Exercise details.
Exactly as they appear, output all of the records. Skip any images.

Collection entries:

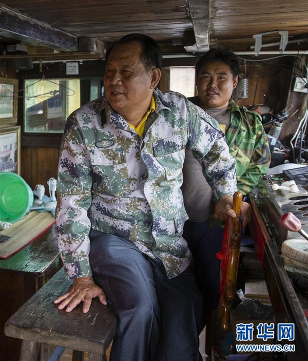 11月14日,在海南省瓊海市潭門鎮(zhèn),王書茂(左)在漁船上。 新華社發(fā)(宋國強 攝)
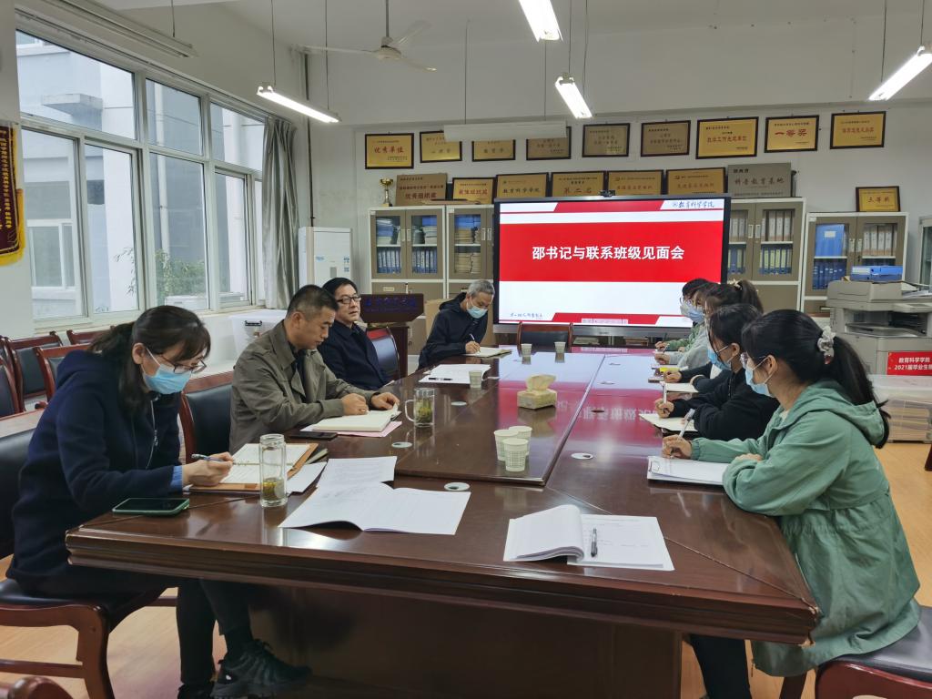 2022年10月26日,学校党委书记、校长邵必林在教育科学学院会议室A202与联系的2021级优师班班委开展座谈交流,辅导员彭莉主持座谈会。
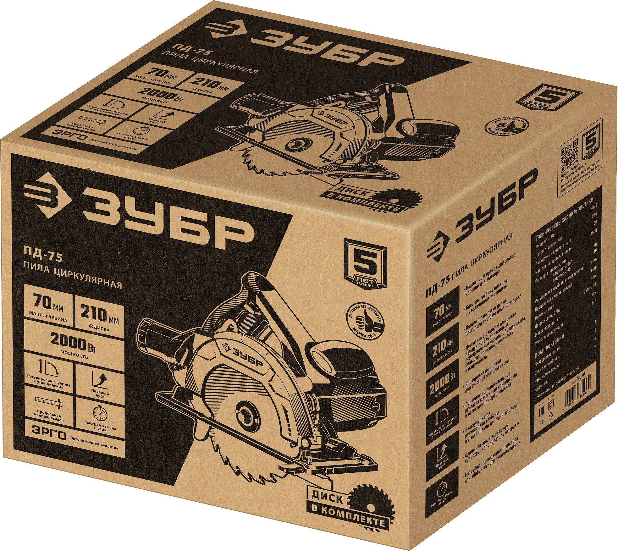 ЗУБР 2000 Вт, диск 210 мм, пила дисковая ПД-75 Мастер
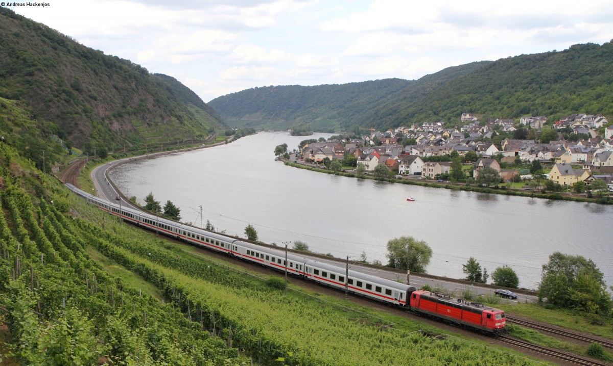 181 223-9 zieht am 08.08.2014 den IC 133 von Luxemburg nach Norddeich durch das Moseltal bei Winningen. Im Hintergrund die 1969 bis 1972 errichtete Moseltalbrücke. Christopher Pätz
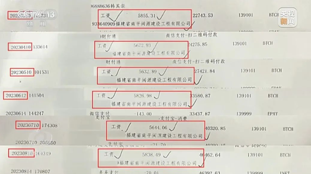 除此之外就是要看老黄的流水账户,记者从老黄的申贷档案中发现老黄居然有2023年3月到8月的六笔工资流水,而这些都是陈某他们伪造的,银行也依旧没有仔细查询就给办理了。
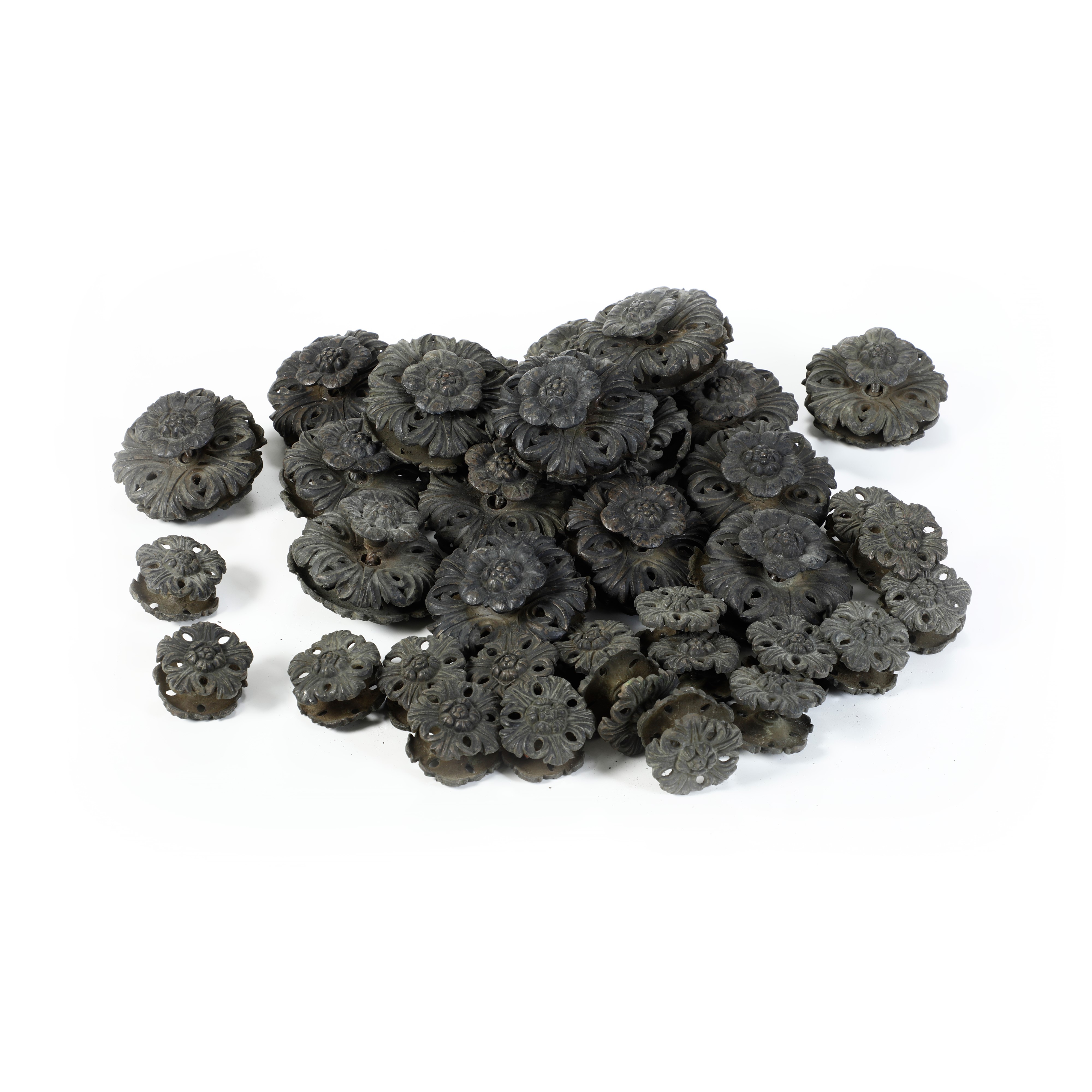 Insieme di 18 guarnizioni grandi e 18 guarnizioni piccole in bronzo a foggia di fiore, XIX-XX secolo
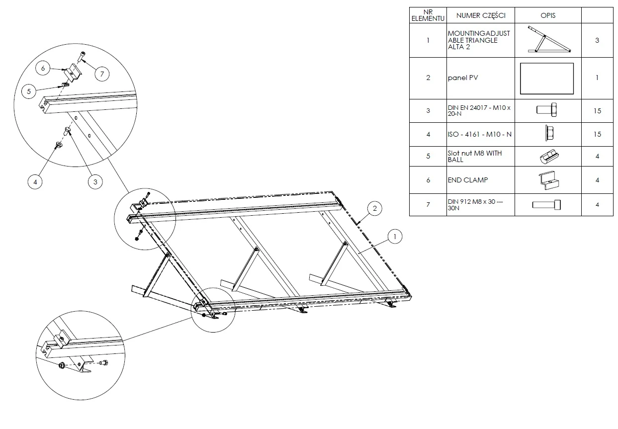 - Trojúhelníky vyrobené z úhelníku 40×40×3mm. Výrobek je vyroben z hliníku 6060, což zaručuje lehkost konstrukce, odolnost vůči mechanickému přetížení a odolnost vůči nepříznivým povětrnostním podmínkám.
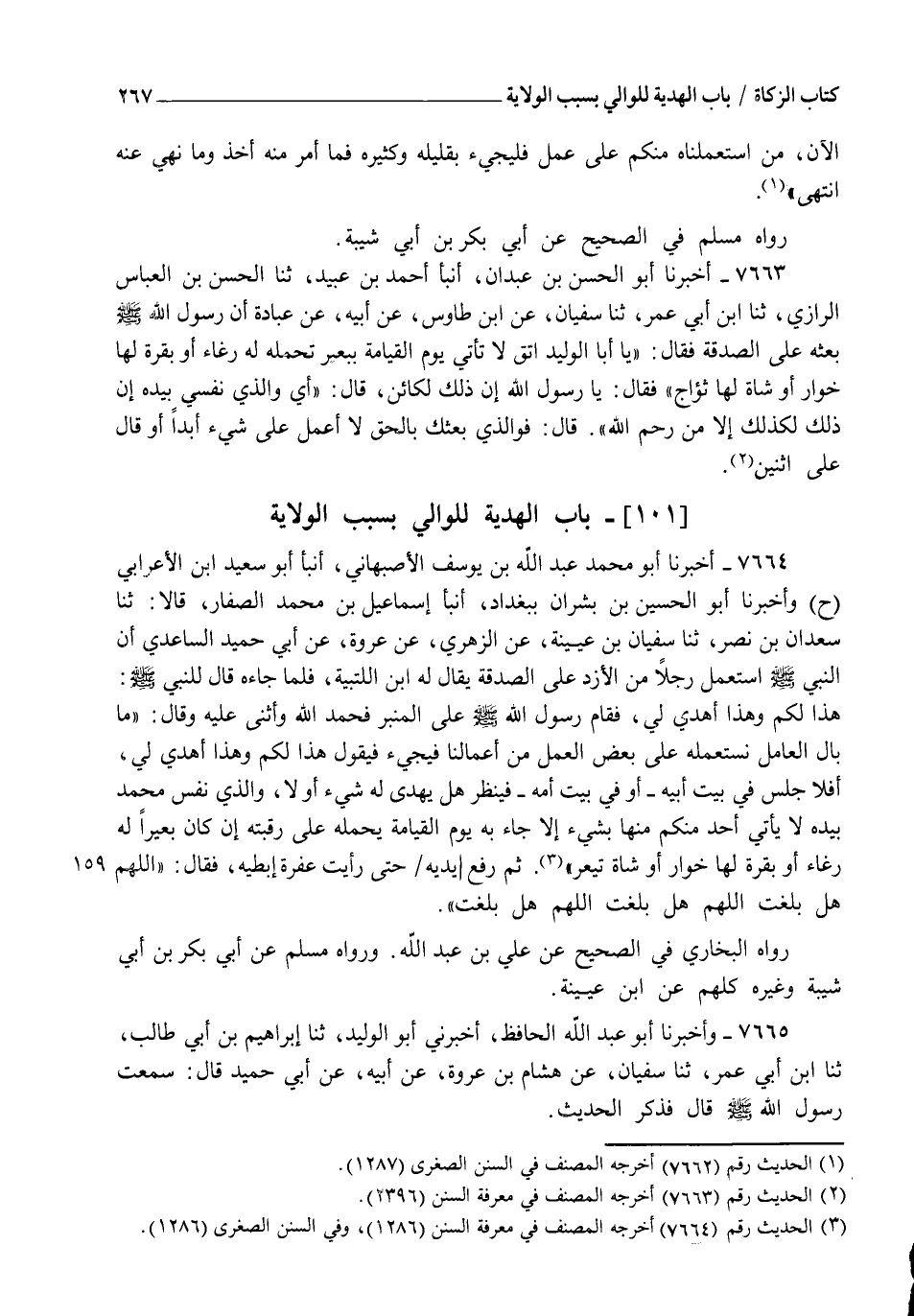 7664 - أَخْبَرَنَا أَبُو مُحَمَّدٍ عَبْدُ اللهِ بْنُ يُوسُفَ الْأَصْبَهَانِيُّ، أنبأ أَبُو سَعِيدِ بْنُ الْأَعْرَابِيِّ، ح وَأَخْبَرَنَا أَبُو الْحُسَيْنِ بْنُ بِشْرَانَ، بِبَغْدَادَ، أنبأ إِسْمَاعِيلُ بْنُ مُحَمَّدٍ الصَّفَّارُ، قَالَا: ثنا سَعْدَانُ بْنُ نَصْرٍ، ثنا سُفْيَانُ بْنُ عُيَيْنَةَ، عَنِ الزُّهْرِيِّ، عَنْ عُرْوَةَ، عَنْ أَبِي حُمَيْدٍ السَّاعِدِيِّ أَنَّ النَّبِيَّ صَلَّى اللهُ عَلَيْهِ وَسَلَّمَ اسْتَعْمَلَ رَجُلًا مِنَ الْأَزْدِ عَلَى الصَّدَقَةِ، يُقَالُ لَهُ ابْنُ اللُّتْبِيَّةِ فَلَمَّا جَاءَهُ، قَالَ لِلنَّبِيِّ صَلَّى اللهُ عَلَيْهِ وَسَلَّمَ: هَذَا لَكُمْ وَهَذَا أُهْدِيَ لِي، فَقَامَ رَسُولُ اللهِ صَلَّى اللهُ عَلَيْهِ وَسَلَّمَ عَلَى الْمِنْبَرِ فَحَمِدَ اللهَ وَأَثْنَى عَلَيْهِ، وَقَالَ: §" مَا بَالُ الْعَامِلِ نَسْتَعْمِلُهُ عَلَى بَعْضِ الْعَمَلِ مِنْ أَعْمَالِنَا فَيَجِيءُ فَيَقُولُ هَذَا لَكُمْ وَهَذَا أُهْدِيَ لِي، أَفَلَا جَلَسَ فِي بَيْتِ أَبِيهِ أَوْ فِي بَيْتِ أُمِّهِ فَيَنْظُرَ هَلْ يُهْدَى لَهُ شَيْءٌ أَوْ لَا، وَالَّذِي نَفْسُ مُحَمَّدٍ بِيَدِهِ لَا يَأْتِي أَحَدٌ مِنْكُمْ مِنْهَا بِشَيْءٍ إِلَّا جَاءَ بِهِ يَوْمَ الْقِيَامَةِ يَحْمِلُهُ عَلَى رَقَبَتِهِ إِنْ كَانَ بَعِيرًا لَهُ رُغَاءٌ، أَوْ بَقَرَةٌ لَهَا خُوَارٌ، أَوْ شَاةٌ تَيْعَرُ ". ثُمَّ رَفَعَ يَدَيْهِ حَتَّى رَأَيْتُ عُفْرَةَ إِبْطَيْهِ، فَقَالَ: " اللهُمَّ هَلْ بَلَّغْتُ اللهُمَّ هَلْ بَلَّغْتُ اللهُمَّ هَلْ بَلَّغْتُ ". رَوَاهُ الْبُخَارِيُّ فِي الصَّحِيحِ عَنْ عَلِيِّ بْنِ عَبْدِ اللهِ. وَرَوَاهُ مُسْلِمٌ عَنْ أَبِي بَكْرِ بْنِ أَبِي شَيْبَةَ وَغَيْرِهِ، كُلُّهُمْ عَنِ ابْنِ عُيَيْنَةَ.
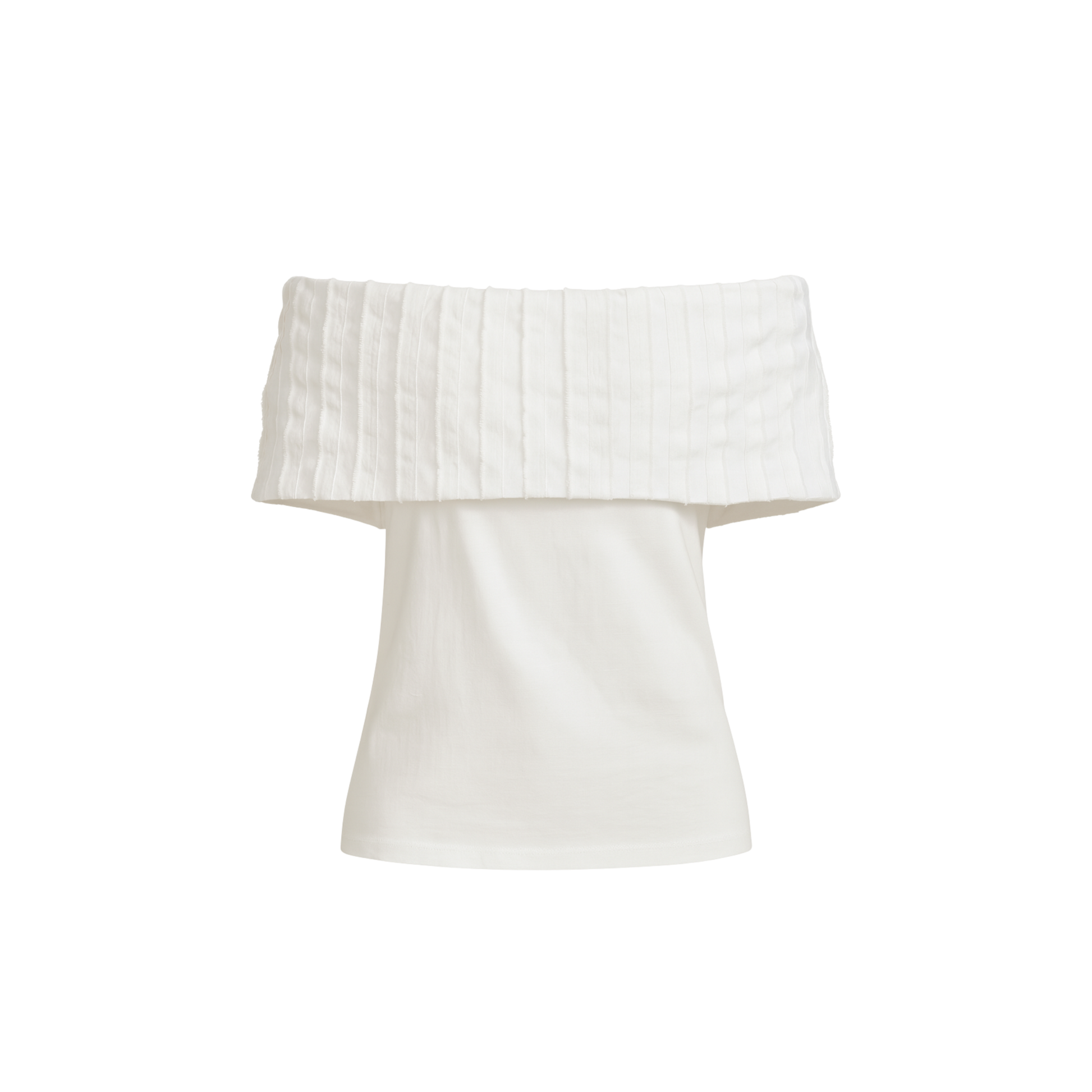 La Blusa Bandeja sin mangas en blanco destaca por su banda texturizada y escote hombro a hombro que realza la parte superior. Su silueta fresca y depurada aporta un aire ligero y moderno, ideal para looks luminosos y atemporales.
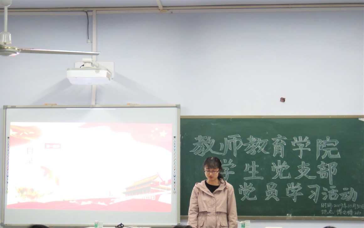 为进一步提升我院学生党支部党员的党性修养,着眼于实现中华民族伟大复兴的中国梦、强国梦,2019年10月30日18:00,教师教育学院学生党支部在博文楼210教室开展了以“庆祝建国70周年”为主题的十月党日活动。教师教育学院团总支马列部席梅舒等马列部成员、莫乾凤等27名学生党员,参加了此次学习活动。本活动由席梅舒同志主持。
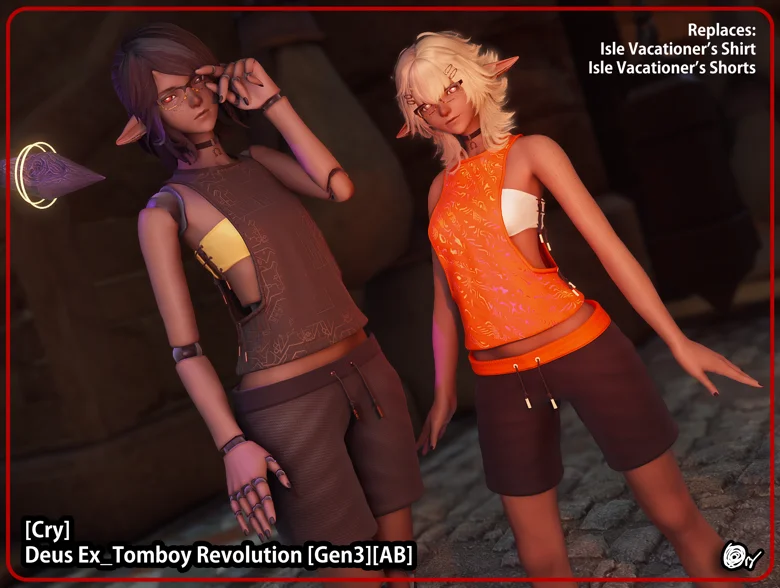 Tomboy themed shorts and tub/shirt combo with patterns themed after the Deus Ex series of games.
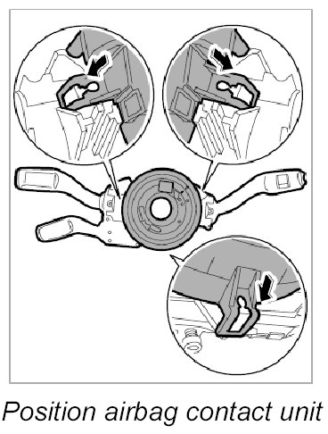 - To position the airbag contact unit in the central position, press the locking element and turn the rotor carefully to the left as far as it will go.

Solution for this problem.
 11月14日,在海南省瓊海市潭門鎮(zhèn),王書茂(左)在漁船上。 新華社發(fā)(宋國強 攝)
 2022年10月26日,学校党委书记、校长邵必林在教育科学学院会议室A202与联系的2021级优师班班委开展座谈交流,辅导员彭莉主持座谈会。
 ЗУБР 2000 Вт, диск 210 мм, пила дисковая ПД-75 Мастер
 181 223-9 zieht am 08.08.2014 den IC 133 von Luxemburg nach Norddeich durch das Moseltal bei Winningen. Im Hintergrund die 1969 bis 1972 errichtete Moseltalbrücke. Christopher Pätz
 除此之外就是要看老黄的流水账户,记者从老黄的申贷档案中发现老黄居然有2023年3月到8月的六笔工资流水,而这些都是陈某他们伪造的,银行也依旧没有仔细查询就给办理了。
 Insieme di 18 guarnizioni grandi e 18 guarnizioni piccole in bronzo a foggia di fiore, XIX-XX secolo
 - Trojúhelníky vyrobené z úhelníku 40×40×3mm. Výrobek je vyroben z hliníku 6060, což zaručuje lehkost konstrukce, odolnost vůči mechanickému přetížení a odolnost vůči nepříznivým povětrnostním podmínkám.
 7664 - أَخْبَرَنَا أَبُو مُحَمَّدٍ عَبْدُ اللهِ بْنُ يُوسُفَ الْأَصْبَهَانِيُّ، أنبأ أَبُو سَعِيدِ بْنُ الْأَعْرَابِيِّ، ح وَأَخْبَرَنَا أَبُو الْحُسَيْنِ بْنُ بِشْرَانَ، بِبَغْدَادَ، أنبأ إِسْمَاعِيلُ بْنُ مُحَمَّدٍ الصَّفَّارُ، قَالَا: ثنا سَعْدَانُ بْنُ نَصْرٍ، ثنا سُفْيَانُ بْنُ عُيَيْنَةَ، عَنِ الزُّهْرِيِّ، عَنْ عُرْوَةَ، عَنْ أَبِي حُمَيْدٍ السَّاعِدِيِّ أَنَّ النَّبِيَّ صَلَّى اللهُ عَلَيْهِ وَسَلَّمَ اسْتَعْمَلَ رَجُلًا مِنَ الْأَزْدِ عَلَى الصَّدَقَةِ، يُقَالُ لَهُ ابْنُ اللُّتْبِيَّةِ فَلَمَّا جَاءَهُ، قَالَ لِلنَّبِيِّ صَلَّى اللهُ عَلَيْهِ وَسَلَّمَ: هَذَا لَكُمْ وَهَذَا أُهْدِيَ لِي، فَقَامَ رَسُولُ اللهِ صَلَّى اللهُ عَلَيْهِ وَسَلَّمَ عَلَى الْمِنْبَرِ فَحَمِدَ اللهَ وَأَثْنَى عَلَيْهِ، وَقَالَ: §" مَا بَالُ الْعَامِلِ نَسْتَعْمِلُهُ عَلَى بَعْضِ الْعَمَلِ مِنْ أَعْمَالِنَا فَيَجِيءُ فَيَقُولُ هَذَا لَكُمْ وَهَذَا أُهْدِيَ لِي، أَفَلَا جَلَسَ فِي بَيْتِ أَبِيهِ أَوْ فِي بَيْتِ أُمِّهِ فَيَنْظُرَ هَلْ يُهْدَى لَهُ شَيْءٌ أَوْ لَا، وَالَّذِي نَفْسُ مُحَمَّدٍ بِيَدِهِ لَا يَأْتِي أَحَدٌ مِنْكُمْ مِنْهَا بِشَيْءٍ إِلَّا جَاءَ بِهِ يَوْمَ الْقِيَامَةِ يَحْمِلُهُ عَلَى رَقَبَتِهِ إِنْ كَانَ بَعِيرًا لَهُ رُغَاءٌ، أَوْ بَقَرَةٌ لَهَا خُوَارٌ، أَوْ شَاةٌ تَيْعَرُ ". ثُمَّ رَفَعَ يَدَيْهِ حَتَّى رَأَيْتُ عُفْرَةَ إِبْطَيْهِ، فَقَالَ: " اللهُمَّ هَلْ بَلَّغْتُ اللهُمَّ هَلْ بَلَّغْتُ اللهُمَّ هَلْ بَلَّغْتُ ". رَوَاهُ الْبُخَارِيُّ فِي الصَّحِيحِ عَنْ عَلِيِّ بْنِ عَبْدِ اللهِ. وَرَوَاهُ مُسْلِمٌ عَنْ أَبِي بَكْرِ بْنِ أَبِي شَيْبَةَ وَغَيْرِهِ، كُلُّهُمْ عَنِ ابْنِ عُيَيْنَةَ.
 La Blusa Bandeja sin mangas en blanco destaca por su banda texturizada y escote hombro a hombro que realza la parte superior. Su silueta fresca y depurada aporta un aire ligero y moderno, ideal para looks luminosos y atemporales.
 为进一步提升我院学生党支部党员的党性修养,着眼于实现中华民族伟大复兴的中国梦、强国梦,2019年10月30日18:00,教师教育学院学生党支部在博文楼210教室开展了以“庆祝建国70周年”为主题的十月党日活动。教师教育学院团总支马列部席梅舒等马列部成员、莫乾凤等27名学生党员,参加了此次学习活动。本活动由席梅舒同志主持。
 Tomboy themed shorts and tub/shirt combo with patterns themed after the Deus Ex series of games.
 - To position the airbag contact unit in the central position, press the locking element and turn the rotor carefully to the left as far as it will go.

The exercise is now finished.